In 2014, Kellet released the comics documentary Stripped, produced with twice-Sundance-nominated cinematographer, Fred Schroeder.  He has been an invited speaker at Savannah College of Art & Design, the Society of Illustrators, Ohio State’s triennial Festival of Cartoon Art, the Charles M. Schulz Museum, the San Francisco Cartoon Art Museum, Loyola Marymount University, South by Southwest Festival (SxSW), San Diego Comic-Con, New York Comic-Con, Seattle’s Emerald City Comicon and more.  His cartoons have appeared in the Los Angeles Times, San Diego Union-Tribune, and dozens of others.

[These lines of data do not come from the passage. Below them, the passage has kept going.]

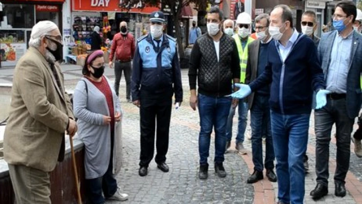 maske kullanmaya davet etti. Gürkan, esnaflara ve vatandaşlara maske dağıtımı
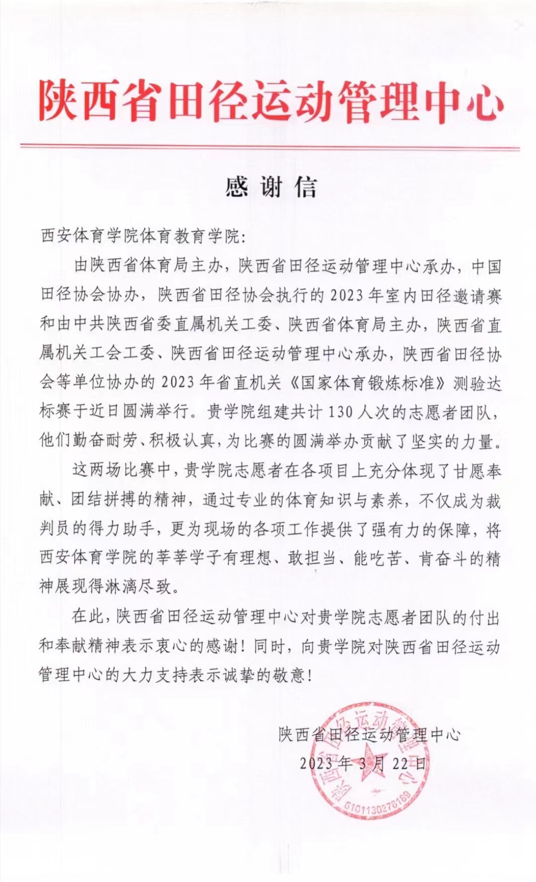 志愿者们认真的工作、热情的态度为此次活动提供了周到服务,展示了当代大学生的青春风采,彰显了“奉献、友爱、互助、进步”的志愿者服务精神,成为赛场上一道独特而靓丽的风景。陕西省田径运动管理中心特此致函,对体育教育学院对本次活动的大力支持和无私奉献表示了感谢。
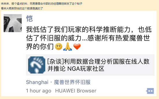 正当玩家对于这种算法是否科学和恰当进行怀疑时,再有网友曝出网易暴雪合作部总经理也看到了这个帖子并转发到了自己的朋友圈,并配文:“我低估了我们玩家的科学推断能力,也低估了怀旧服的威力”,说明可能连官方都没有预料到怀旧服的上线会如此受到欢迎。
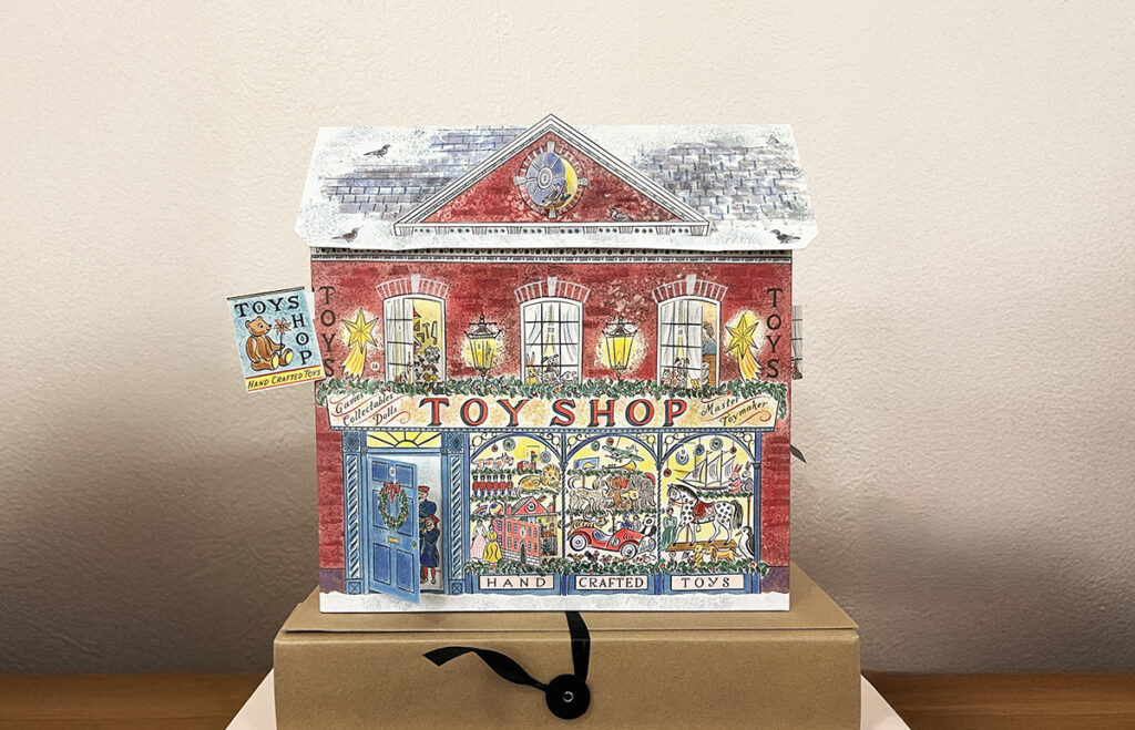 Emily Suttonin kauniisti kuvitettaman adventtikalenterin saa asetettua pöydälle pystyyn. Lumisen kaupunkimaiseman keskellä on koristeltu joulukuusi ja kauppojen ikkunoista voi ihania yksityiskohtia. High steet -joulukalenteri käykin ihan joulukoristeesta!
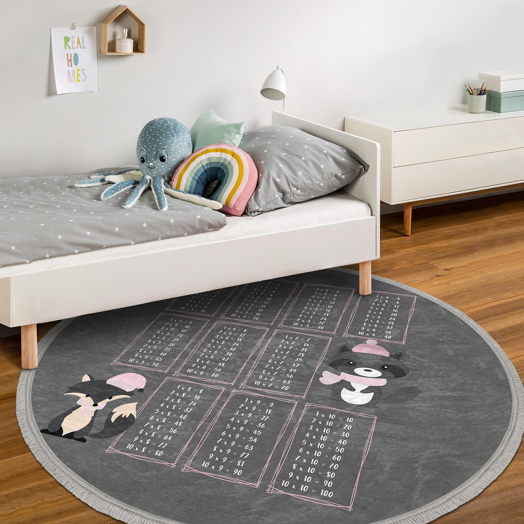 Gri Zeminli Eğitici Çarpım Tablosu Çizimli Çocuk & Genç Odası Makinede Yıkanabilir Kaymaz Tabanlı Püsküllü Yuvarlak Çocuk Oyun Halısı

Kellett holds two master's degrees in the art and history of cartooning: First, at the University of California San Diego; and then at the University of Kent, UK, at its Centre for Cartoon and Caricature Studies, on a full academic scholarship from the Rotary Foundation.  After working for Mattel Toys as the head writer and a senior toy designer for 8 years, Dave pursued cartooning full-time in 2007.  Dave started Sheldon in 1998 and Drive in 2009.

Awards
 Winner, 2015 National Cartoonists' Society On-line comics - Short Form Silver Reuben Award for Sheldon.
 Nominated for an Eisner Award in 2011
Nominated for a Harvey Award in 2009
Finalist, Scripps Howard Foundation National Journalism Award (College Cartooning)
Rotary Foundation Ambassadorial Scholar

Authored books
Kellett has authored the following books:

Still Got It: The Seventh Sheldon Collection 
Living Dangerously With Saturated Fats: The Sixth Sheldon Collection 
Nerds On Parade: The Fifth Sheldon Collection 
Pugs: God's Little Weirdos 
A Blizzard of Lizards: The Fourth Sheldon Collection 
62% More Awesome: The Third Sheldon Collection
The Good, The Bad & The Pugly: The Second Sheldon Collection 
Pure Ducky Goodness: The First Sheldon Collection 
A Well Balanced Meal: The Very Best of: Four Food Groups of the Apocalypse 

He also co-authored the book How to Make Webcomics.

Acting and other projects
Kellett was a part of the sketch comedy group And Donkey Makes Five from Los Angeles, California. He also performed in Comedy Central's South Beach Comedy Festival in Miami in 2009. Kellett has performed on stage in Skirts and Flirts in New York and in Los Angeles. He also performed in Der Inka von Peru at the George Wood Theatre in London.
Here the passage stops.